14C illuminated page

14C illuminated page


[Text and photographs © Christina James 2013]

The book and the rose…

My St. George's Day roses

My St. George’s Day roses

Happily my visit to Barcelona coincided with the celebration of St. George’s Day (on Tuesday 23rd April); ‘Sant Jordi’ is big in this city, which honours him with a much higher profile than we extend to him as our national patron saint. It was, of course, also World Book Day. I’m not sure whether it was owing to Spanish influence that the UK and the USA have chosen this date for their annual bookfest, but I am certain that the people of Catalonia got there first. In Barcelona, it is an ancient tradition to celebrate St George’s role as the patron saint of books. Booksellers bring book stalls out on to the pavements and everyone enters into the spirit of celebrating the book. Sales throughout the day are brisk; almost everyone I saw travelling on the Metro in the evening was carrying a bag of books. There is a carnival atmosphere. St George is remembered by a rose and an ear of corn, symbolising the damsel that he rescued and himself as her rescuer. Traditionally, the Spanish man of honour presented his lady with a rose accompanied by a corn stalk, to which she responded by giving him a book. Christina James, I am proud to say, received her rose (well, three, in fact!) and, for pleasure’s sake, not duty’s, gave her man a book. (For the romantics amongst you – and to the smiles of Catalan onlookers – kisses were exchanged…)

St. George's Day crime

To walk the streets, roses in hand, amid the throng of local people intent on having a good time, was to share in a general joie-de-vivre and to have a precious opportunity to talk to enthusiastic lovers of books. Beautiful displays of roses and red and yellow striped ribbons and flags adorned street corners and pavements everywhere. Music filled the air and the sun shone.

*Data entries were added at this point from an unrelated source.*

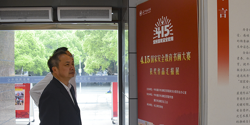 市委国安办二处处长翁家玲,涪陵区委书记王志杰、副书记喻显镔,我校党委书记黄大勇、副校长袁革、纪委书记赵骏等出席了“争当红岩先锋 维护国家安全”演讲比赛,参观了主题书画展览。在现场参观书画作品展时,王志杰高度肯定了学校全民国家安全教育系列活动,认为做到了学校抓安全工作扎实、师生专业技能扎实、国家安全意识学得扎实。
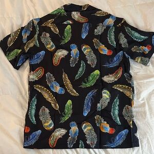Stylish button-down with multicolor feather design. Perfect for casual wear.
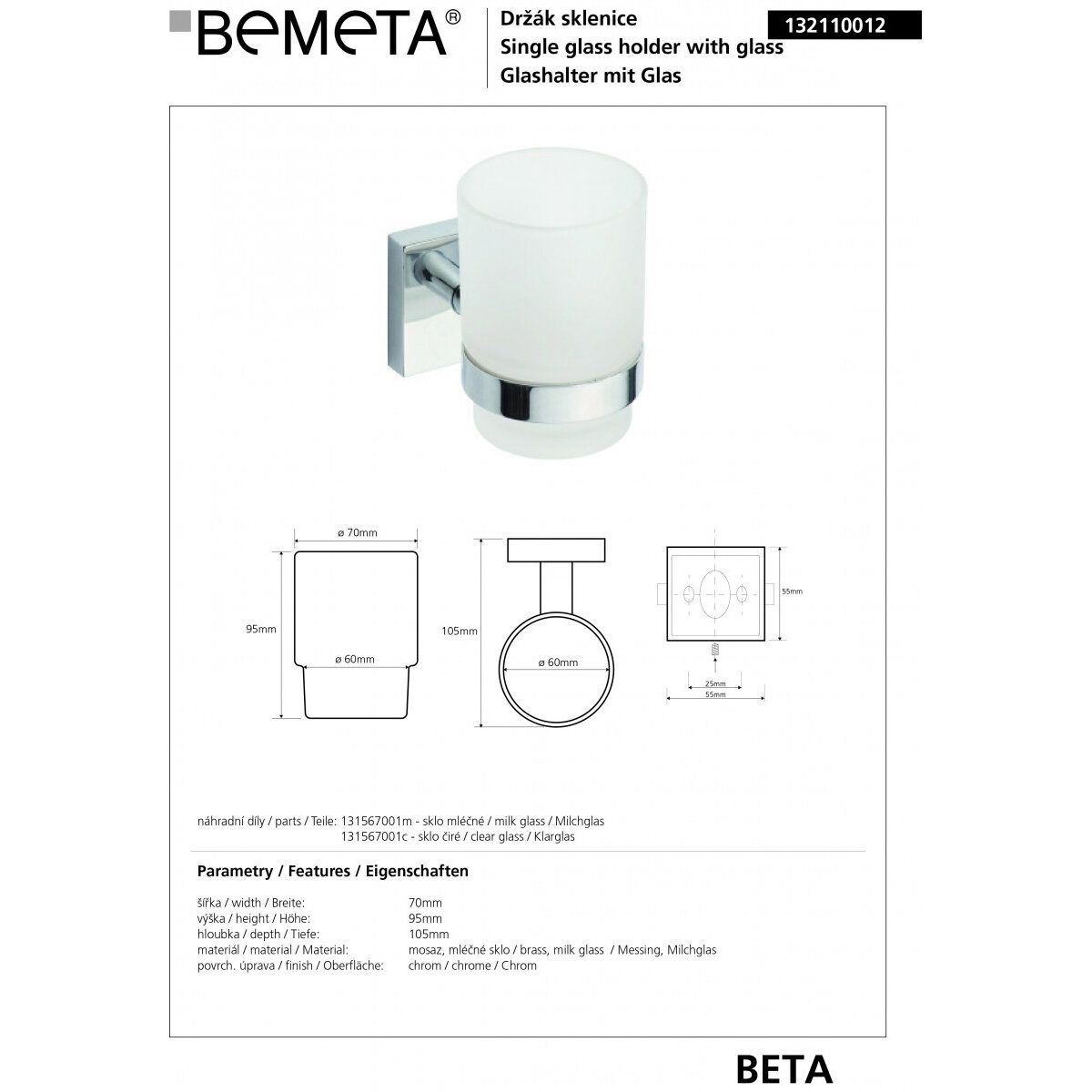 Стакан Bemeta Beta 70х130х95 мм 132110012
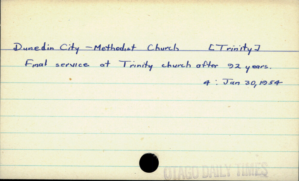 Dunedin Public Libraries (1st May 2017). Dunedin City - Methodist Church - Trinity. In Website Dunedin Public Libraries. Retrieved 27th Mar 2026 15:06, from https://dunedin.recollect.co.nz/nodes/view/108294
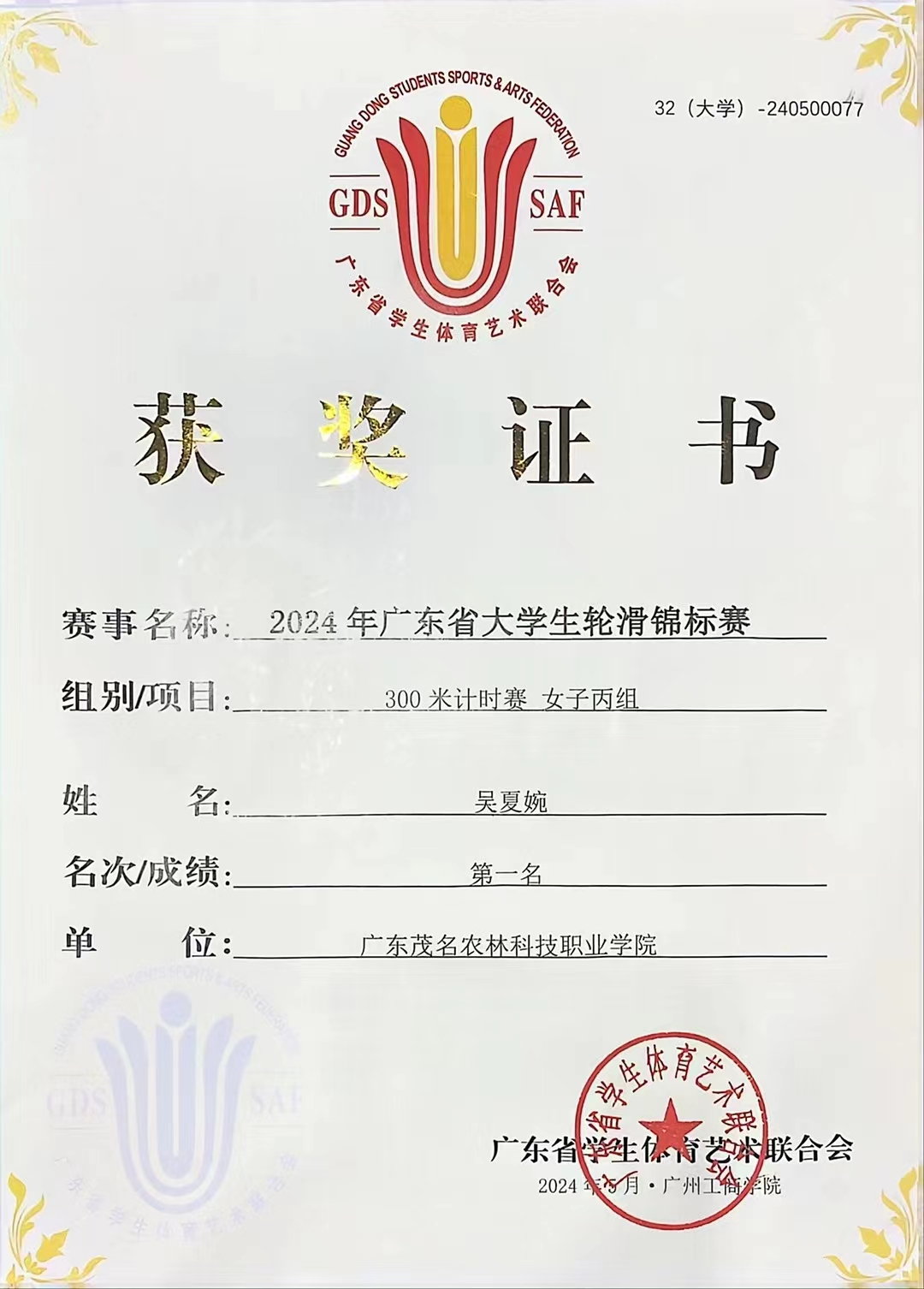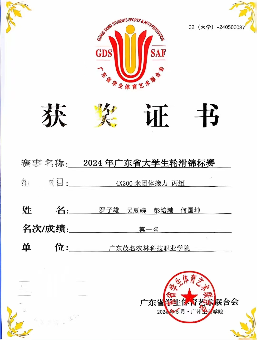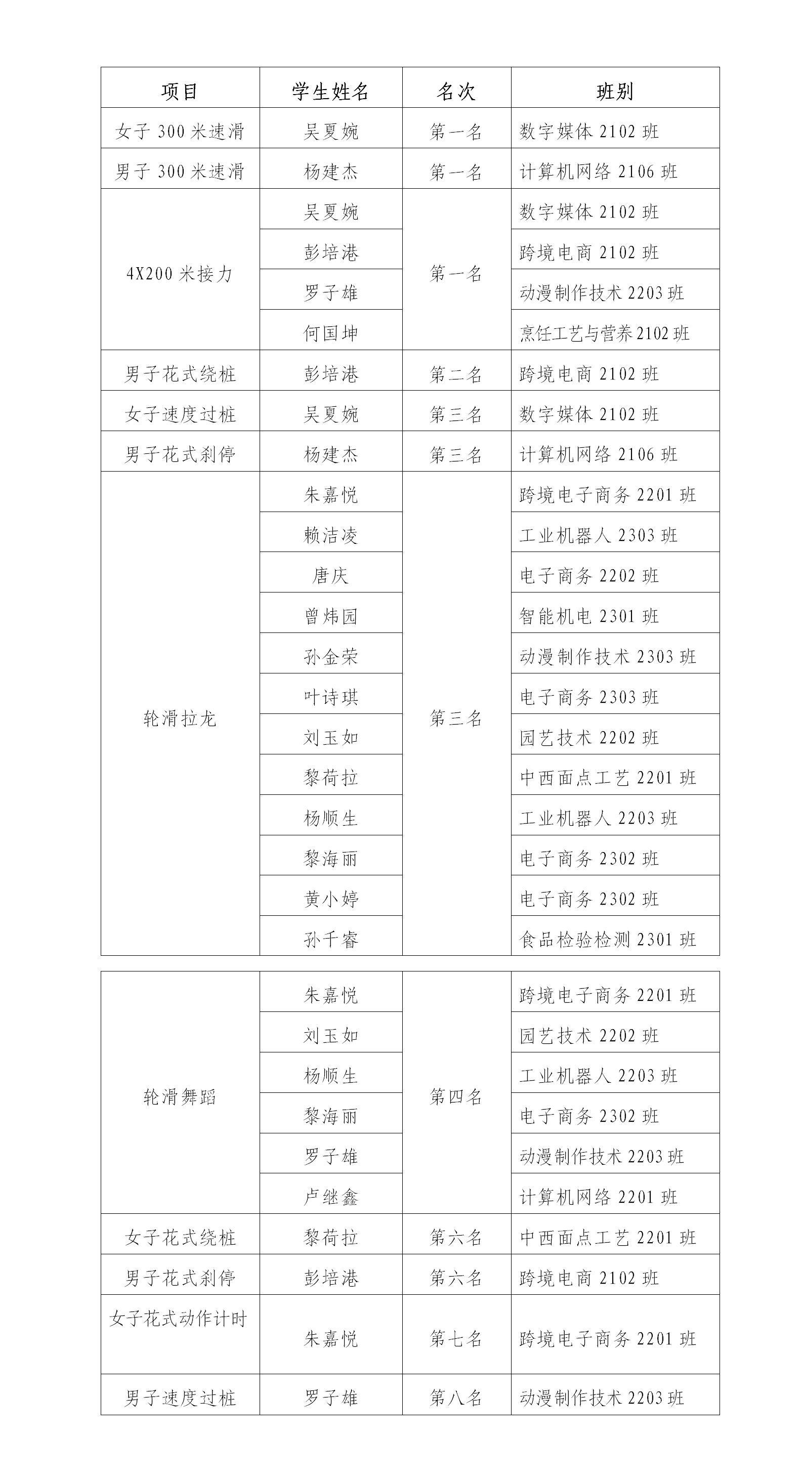 图:我院学生在2024年广东省大学生轮滑锦标赛上获佳绩
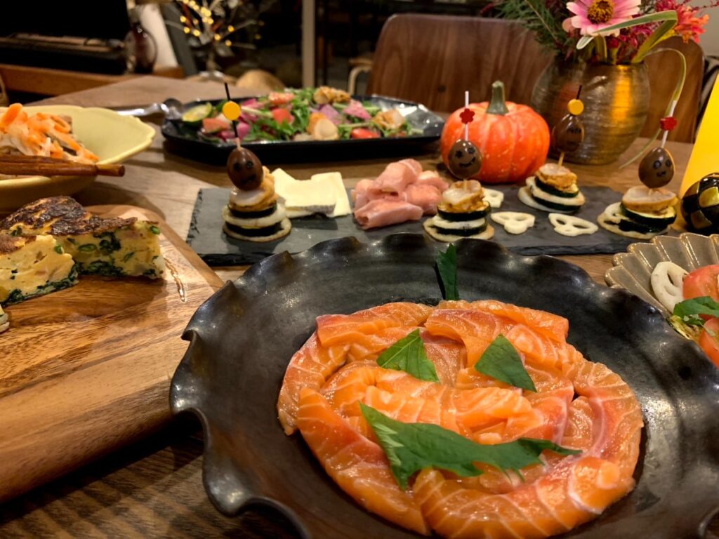 この年のハロウィンごはんは、サーモンのお刺身をジャックオーランタン風にアレンジ!

On a more business-like level, I feel that there may be something for us to learn from this. It did strike me at the time that Catalan booksellers are fortunate in being able to place such confidence in the weather; I could imagine a similar event in London or Leeds being suddenly dampened (in every sense of the word) by a sharp shower. And World Book Day is a remarkable achievement, a miracle of co-operation and generosity between all the elements of the book industry and a huge army of volunteers. Nevertheless, no-one was being given anything in Barcelona: roses came at €3 each; books were sold at full price. In a sense, it was all about celebrating the skills of booksellers themselves and the pleasures that they bring… and showing that they are worth paying for. We in the UK should honour our booksellers more and they should learn to expect and accept our homage gracefully and with attitude.